Но Мендес не придал этим историям значения.

— Вся Европа пропахла кровью, — сказал он.

— Но с точки зрения вложения денег… — начал Тобайас Ансел, прорвав носком ботинка строй гигантских муравьев, выползавших из расселины в каменной стене.

— Полное безрассудство, — согласился Мендес.

— Вот именно. И ты это признаешь.

— Да, признаю, — сказал Мендес. — И что с того?

— А Лялька?

— Ах, милый мой англичанин, — голос Мендеса звучал снисходительно, — взгляни на эти каменистые garrigues[2]. Кого здесь ублажать? По-твоему, я буду меньше привлекать внимание в Сен-Тропезе? Или, может быть, в Англии? Скажем, купив несколько акров леса на юго-западе? Скажи лучше, где твои фламандские предки схоронили свое мастерство огранки алмазов, чтобы ты смог отправиться в Уинчестер и Оксфорд?

Мендес стоял, широко расставив ноги и уперев руки в бока, голубая тенниска прилипла к ключицам и все еще мощным плечам. Лоб переходил в блестящую веснушчатую лысину, образуя овал, над ушами курчавились остатки каштановых волос. Привлекательное лицо Алекса казалось грубоватым, а то и жестким, но стоило ему снять темные очки, как миру открывались неожиданно большие и печальные карие глаза.

Мендес улыбнулся, прекрасно понимая, почему у Ансела непроизвольно чуть-чуть расширились ноздри, когда он упомянул Ляльку. Она всегда смущала Тобайаса. В ее присутствии ему становилось не по себе. При встрече бедняга Тобайас, который не терпел ничьих прикосновений и сам избегал кого-нибудь касаться, — и Ляльке, похоже, это было прекрасно известно, — не знал, как уклониться от объятий, а она прижимала его к белой открытой взгляду груди, и он оказывался в плену ее источающих запах мускуса волос. Ей нравилось его мучить.
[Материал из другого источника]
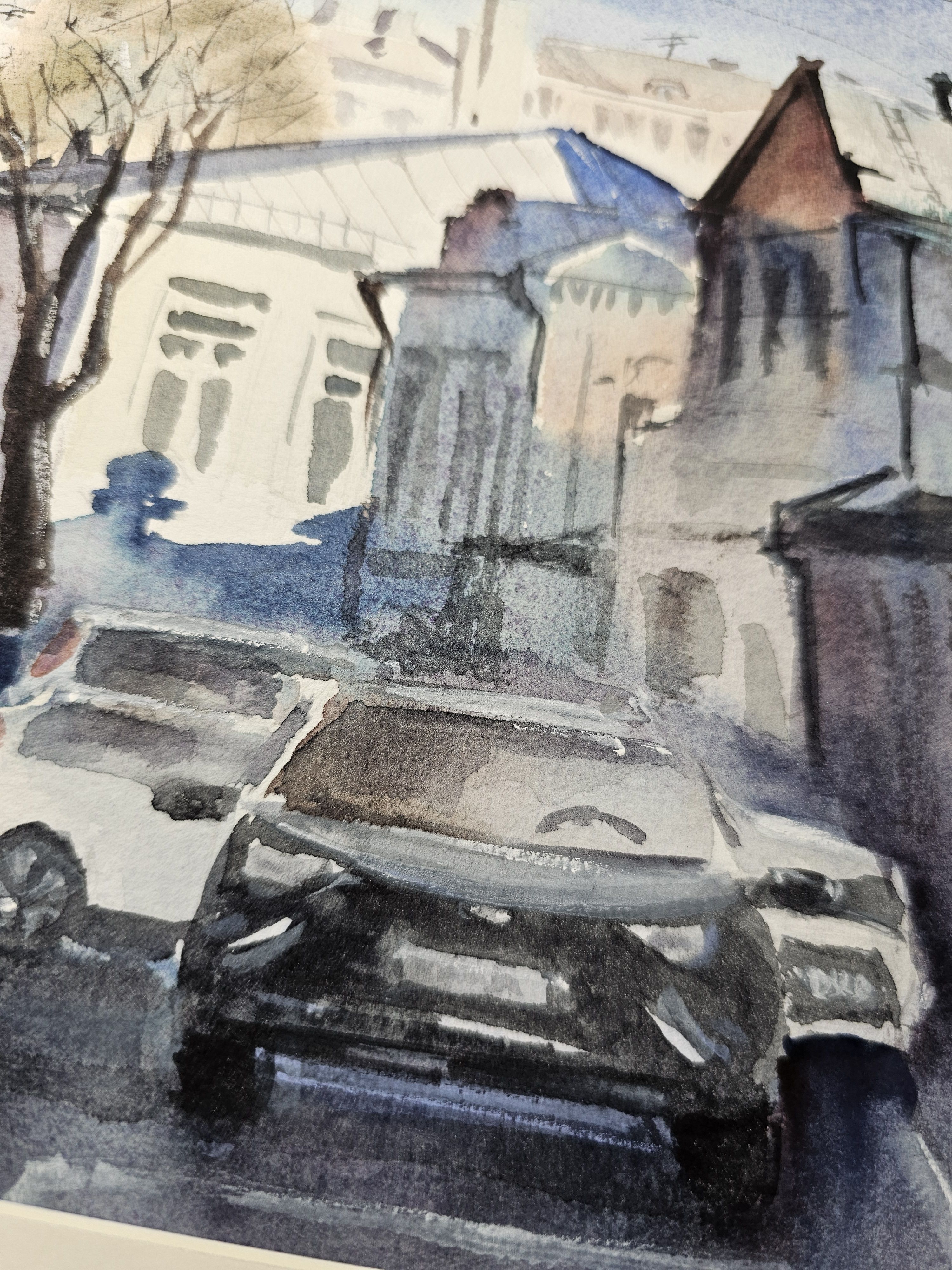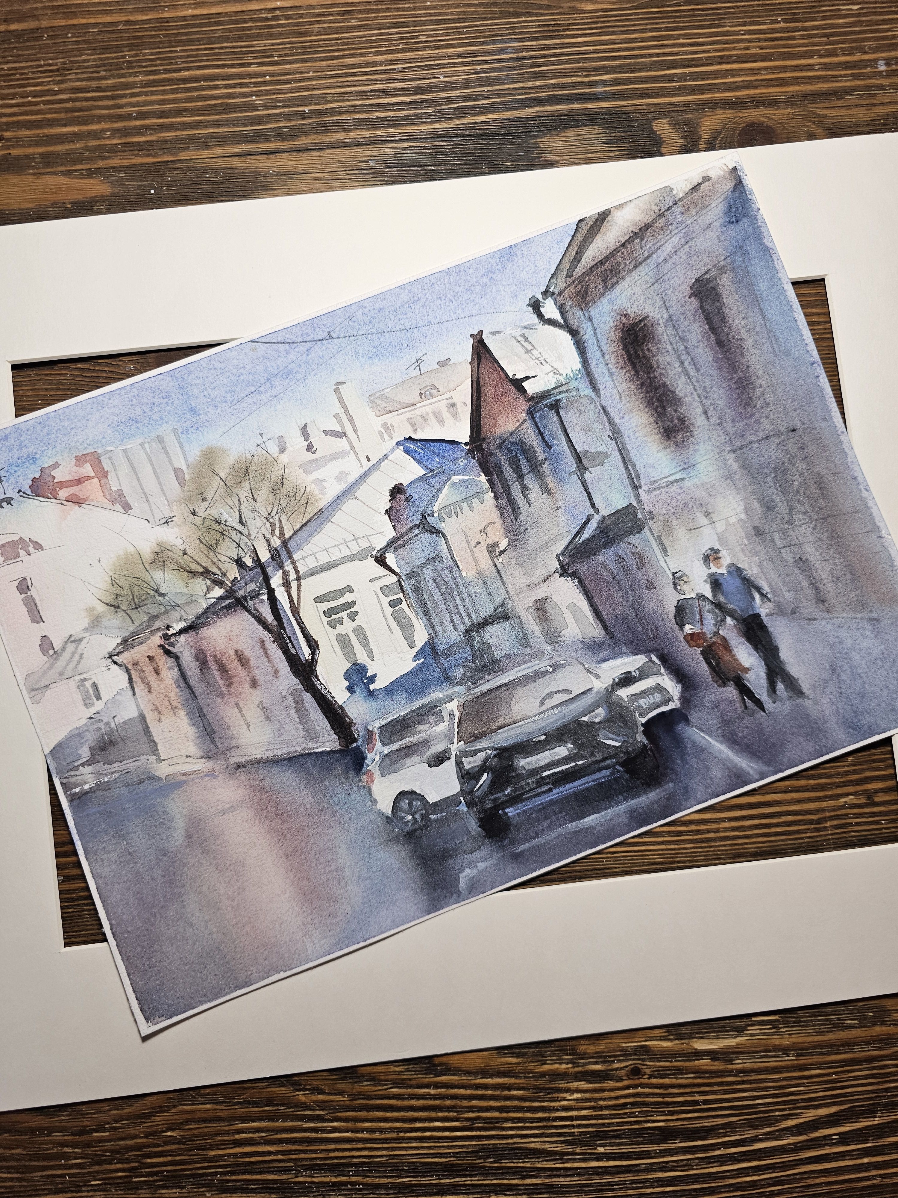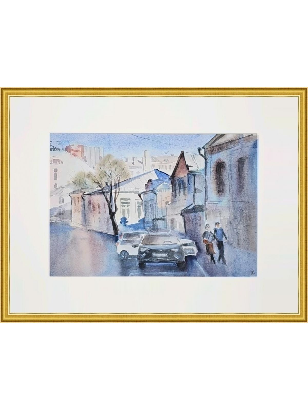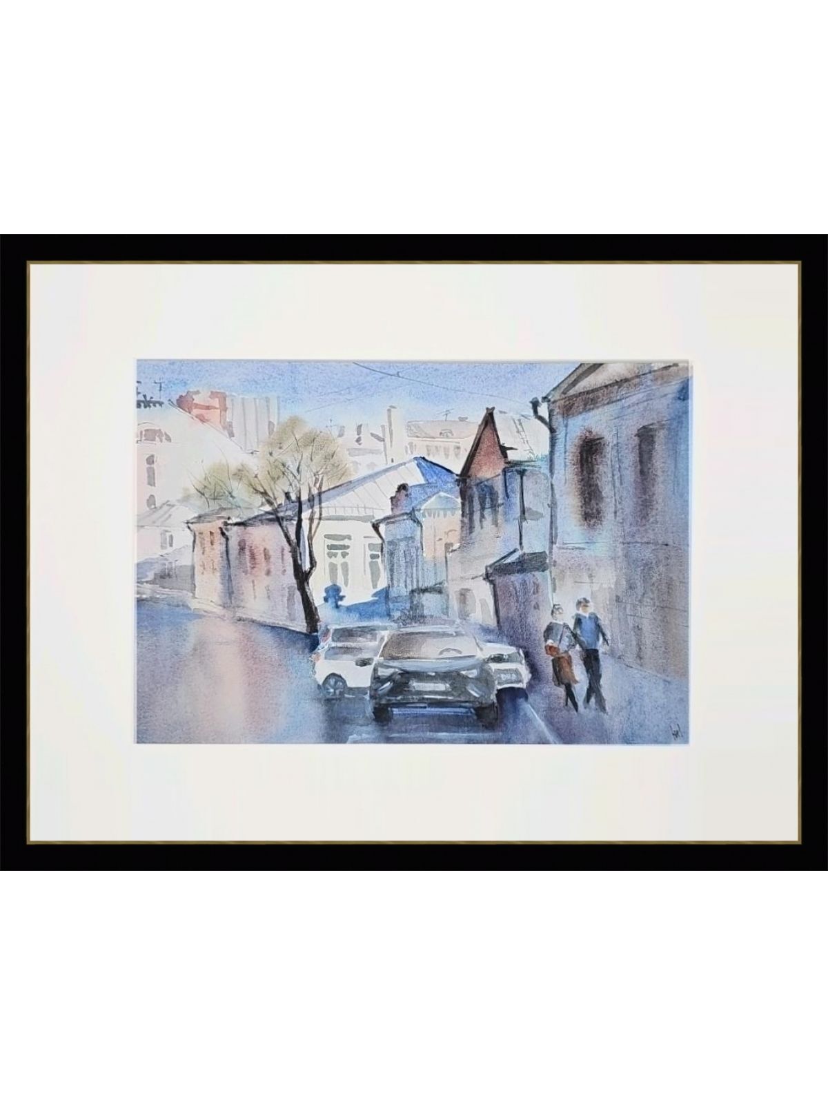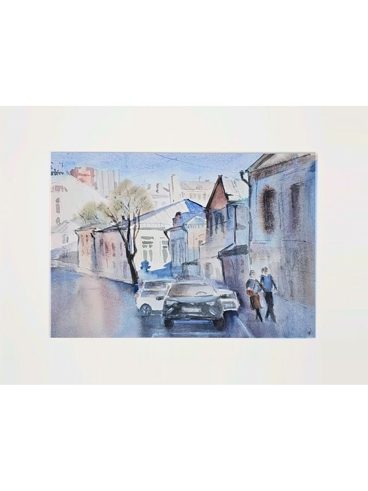 Нам представлен городской пейзаж, выполненный в акварельной технике. В центре композиции находятся улица с домами и припаркованными автомобилями. По обеим сторонам улицы видны здания с элементами архитектуры, характерные для городских построек. Справа идут два человека, вероятно, прохожие. На заднем плане видны деревья с едва распустившейся листвой. Картина выполнена в спокойной цветовой гамме с преобладанием синих и коричневых оттенков, что создаёт ощущение умиротворённости. Работа оформлена в светлое паспарту и готова для размещения в раме стандартного размера.

— Думаю, она предпочтет остаться на Чейни-уок[3], — сказал Алекс с ноткой грусти. И тут же представил Ляльку на фоне зеленого бархата любимого кресла. «С какой стати ей оттуда уезжать? И сейчас? Красивая смелая женщина, — размышлял Мендес, — его бывшая жена. Она разве только губы чересчур плотно сожмет, когда черные глаза будут читать мелкий шрифт на документе о разделе имущества».
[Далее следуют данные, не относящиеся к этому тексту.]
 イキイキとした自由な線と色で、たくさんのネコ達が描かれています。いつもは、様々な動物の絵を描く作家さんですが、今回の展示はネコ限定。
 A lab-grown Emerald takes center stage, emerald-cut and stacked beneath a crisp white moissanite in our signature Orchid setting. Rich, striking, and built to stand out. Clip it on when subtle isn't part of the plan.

Он помнил, что во время их последнего визита в ее комнате стоял запах свежих лимонов. А Тобайас беспокойно ходил взад-вперед и раздувал ноздри. Мендес знал причину. Ансела тревожило нечто большее, чем аромат сексуальности, источаемый зрелой женщиной. Польша, вот в чем было дело, это пространство, где хозяйничала смерть, — вот что чуял Тобайас. Мертвецы и умирающие повсюду. Хватают воздух в густой грязи шахтных стволов и тоннелей; дрожат в сточных канавах, забитых жидкой глиной; лежат в грудах пепла, засыпанные известью; заполняют товарные вагоны и просто валяются вдоль заборов вместе с кучами тряпья. Эти жуткие картины вызывали у Тобайаса только одно чувство — отвращение.
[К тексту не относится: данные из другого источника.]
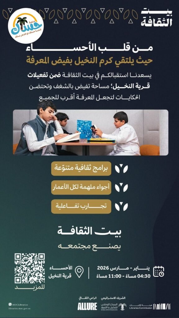 تقدم مجموعة متنوعة من الأنشطة الثقافية في قرية النخيل بالأحساء. الفعالية تشمل برامج ثقافية متنوعة، أجواء ملهمة، وتجارب تفاعلية لجميع الأعمار.
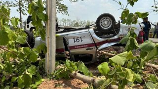 คลั่งยา : ชิงหักพวงมาลัย รถพลิกคว้ำล้อชี้ฟ้า ตำรวจตาย 1 เจ็บ 3 ราย ขณะกำลังคุมตัวชายคลั่งขึ้นรถไปโรงพัก

Он не унаследовал их облика. Все его черты говорили об этом. Волосы, брови и ресницы Тобайаса были до такой степени светлыми, что наводили на мысль о генетическом дефекте пигментации, а глаза — чисто голубыми, как у северянина. Волосы он причесывал гладко, темный — противу моды — костюм подчеркивал бледность кожи. Необыкновенно узкое лицо с удлиненным подбородком придавало ему мимолетное сходство с Фредом Астером[4]. Однако в глазах Тобайаса светилось не так веселье, как злорадство.

— А остальные? Если они захотят сменить обстановку?

Детей у Ляльки не было, но Мендес понял, что Тобайас имел в виду его малоимущую свояченицу Клару и ее мужа Перетца.

— Думаешь, такое возможно? — Алекс отогнал от себя легкое чувство вины, возникшее при мысли о Лялькиной сестре. В его сознании словно отпечатались моментальные снимки юной Клары: вот она хохочет на фоне песчаных дюн у озера; вот обнимает сыновей; воплощение невинной прелести. Затем он остановился на вполне утешительном образе низенькой краснощекой труженицы с дряблой обвисшей грудью и таким же животом, в которую превратилась Клара. Перетц был скотиной. — Я не предполагаю устраивать здесь семейный пансион, — твердо сказал Мендес.

— Но сам ты будешь здесь жить?

— Три-четыре месяца в году.

— Пока я буду в Антверпене?

— Ты мне нужен именно там, — спокойно сказал Мендес.

Тобайас пожал плечами.

— А если я предпочту Лондон?

— Не обижайся, Тобайас. Я понимаю твою тревогу. Конечно же, ты хочешь, чтобы я жил поскромнее. Но беда в том, что я для этого слишком стар. В любом случае человека с фамилией Мендес это не защитит. Уж ты мне поверь. В Англии этого никто не понимает.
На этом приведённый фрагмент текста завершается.